● **DIRECTIONS**
A verbatim copy is needed of the lines below from the one containing "This item is" up to and including the one containing "navel, handmade. |", excluding pictures.

● **DATA FOR REVIEW**
──────

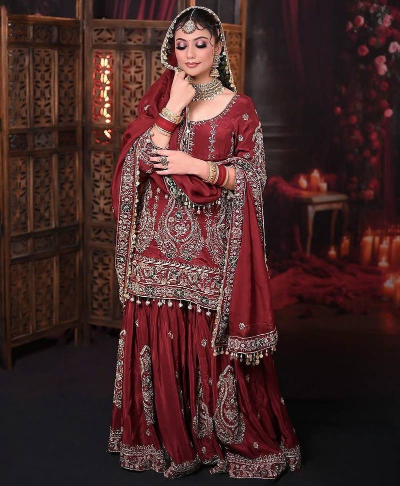 Red bridal sharara set stitched
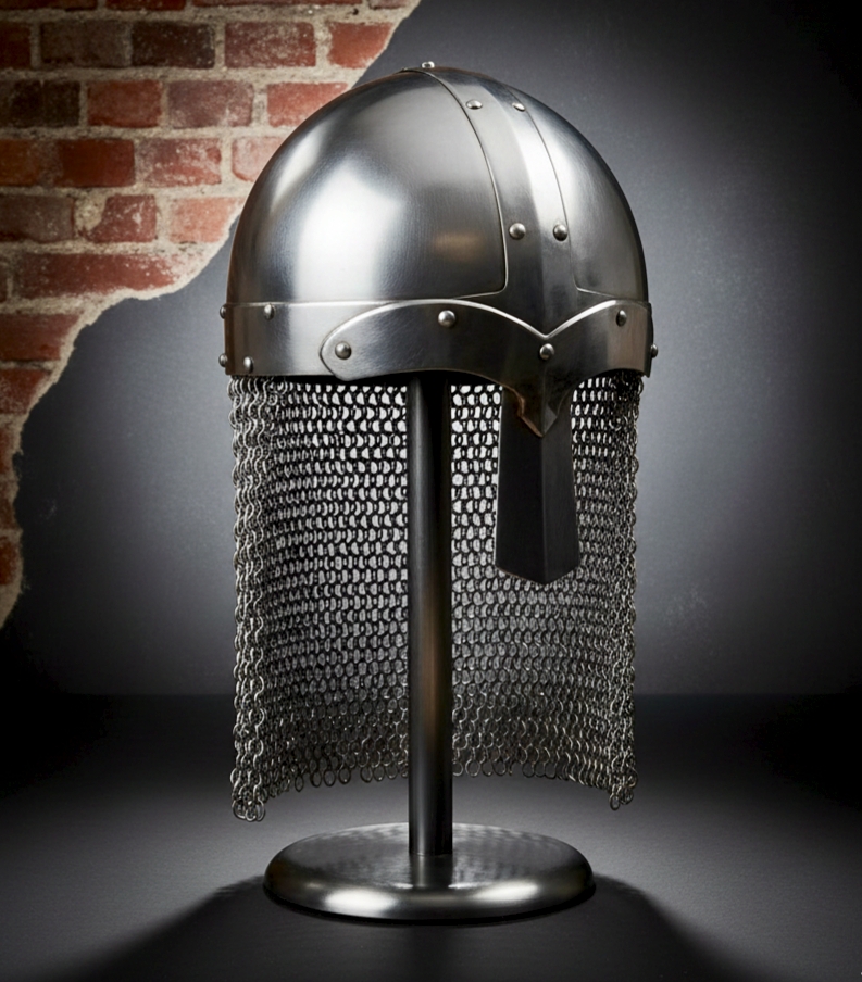 This item is a replica Norman nasal helmet with an aventail, likely made from steel.
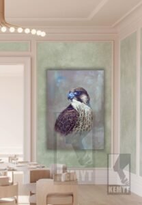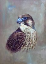 This painting offers a detailed close-up of a falcon’s head and upper body. The bird of prey is depicted with striking clarity, showcasing its sharp, intelligent blue eyes and powerful, hooked beak. The artist has meticulously rendered the intricate patterns and textures of its feathers, which range in color from rich browns and creams to darker, almost black markings. The falcon’s gaze is direct and piercing, conveying a sense of alertness and keen vision. The background is kept soft and muted, allowing the viewer to focus entirely on the majestic bird and its intense expression.
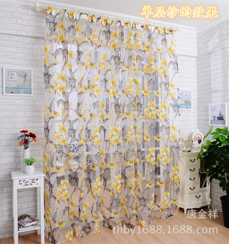 Window Curtain Tulle with Yellow Floral Printing for Bedroom Living Room Balcony 1m wide * 2m high_Yellow yarn
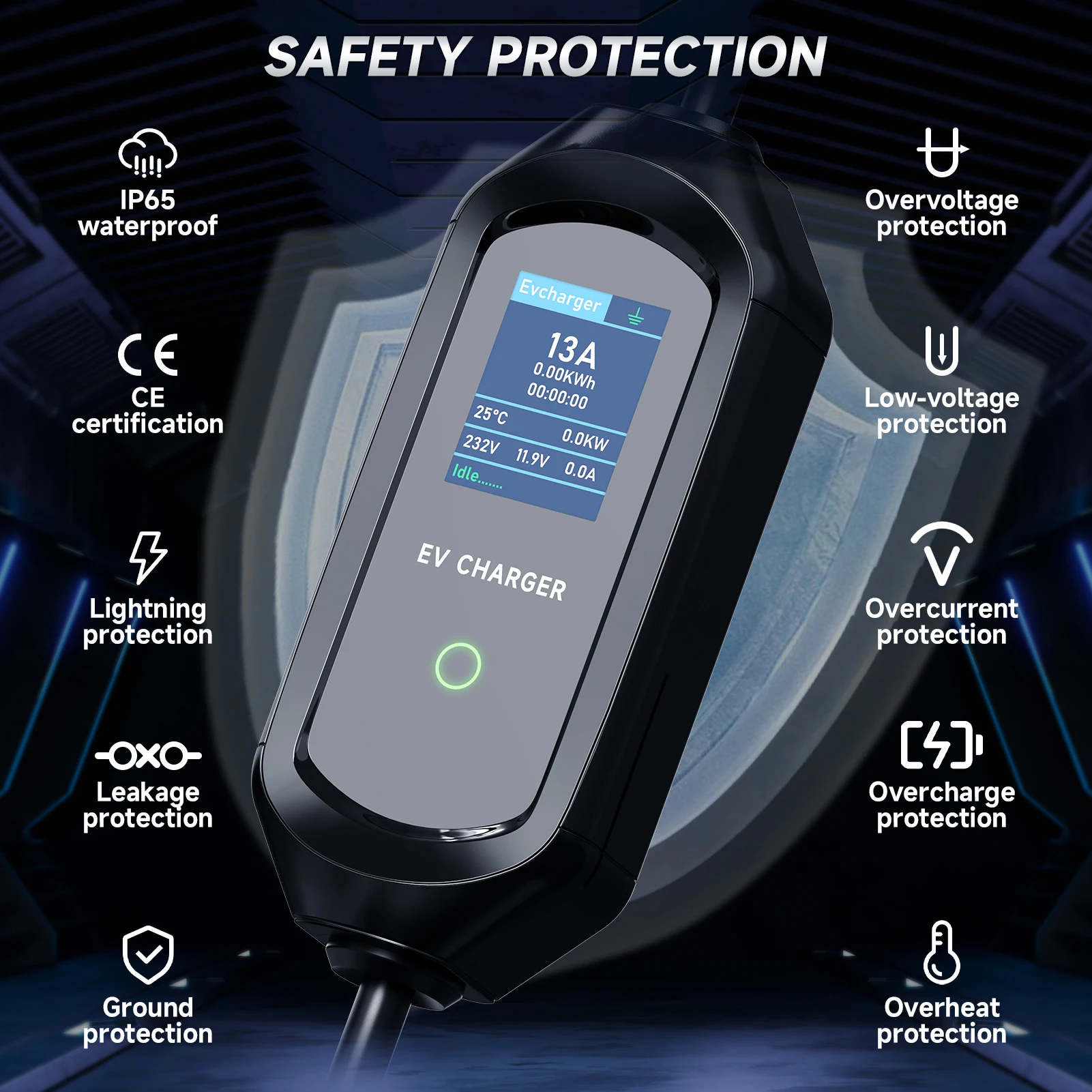 하이 퀄리티 및 보안:과전류 보호, 과전압 보호, 저전압 보호, 누출 방지, 과열 보호, IP65 방수 등급 및 기타 안전 보호 조치를 갖춘 견고하고 강력합니다. 충전 스테이션의 표시등은 다양한 충전 단계를 표시하고 가능한 오류를 경고하는 데 도움이됩니다.
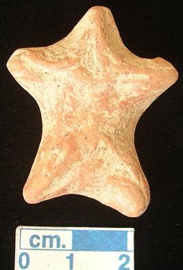 | Description / विवरण | An archaic human terracotta figurine, red, pinched nose, short out stretched arm, , short wide bridged stumpy legs, punched eyes, punched navel, handmade. |
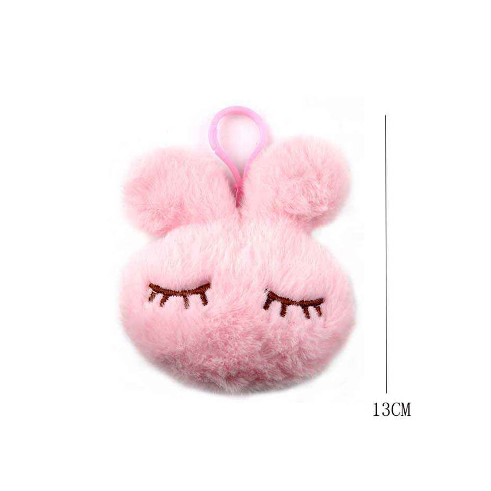 Details • Size : 4.6" L, 3.75" X 3.75" • Soft plush bunny face keychain featuring a playful sleepy expression and pom-style silhouette. Designed with a lightweight clip for easy attachment to bags, backpacks, or keys. A charming accessory choice for gift shops, party favors, seasonal displays, and cute character-themed collections.
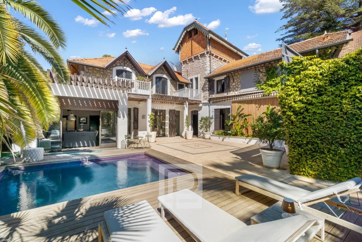 En plein cœur de Cannes, venez découvrir cette atypique demeure historique, entièrement revisitée avec un style “Baroque Chic” qui ne vous laissera pas indifférent ! Cette maison d’artiste vous offre une vaste réception prolongée par un véritable Bar en Zinc, un salon TV, une cuisine équipée + office, 4 chambres avec bains et dressing, une salle de sport et une buanderie. le tout niché au cœur d’une palmeraie de 685 m² avec une piscine chauffée et un superbe poolhouse. Parking 2 voitures.

──────

● **WRITTEN REPLY**
 This item is a replica Norman nasal helmet with an aventail, likely made from steel.
 This painting offers a detailed close-up of a falcon’s head and upper body. The bird of prey is depicted with striking clarity, showcasing its sharp, intelligent blue eyes and powerful, hooked beak. The artist has meticulously rendered the intricate patterns and textures of its feathers, which range in color from rich browns and creams to darker, almost black markings. The falcon’s gaze is direct and piercing, conveying a sense of alertness and keen vision. The background is kept soft and muted, allowing the viewer to focus entirely on the majestic bird and its intense expression.
 Window Curtain Tulle with Yellow Floral Printing for Bedroom Living Room Balcony 1m wide * 2m high_Yellow yarn
 하이 퀄리티 및 보안:과전류 보호, 과전압 보호, 저전압 보호, 누출 방지, 과열 보호, IP65 방수 등급 및 기타 안전 보호 조치를 갖춘 견고하고 강력합니다. 충전 스테이션의 표시등은 다양한 충전 단계를 표시하고 가능한 오류를 경고하는 데 도움이됩니다.
 | Description / विवरण | An archaic human terracotta figurine, red, pinched nose, short out stretched arm, , short wide bridged stumpy legs, punched eyes, punched navel, handmade. |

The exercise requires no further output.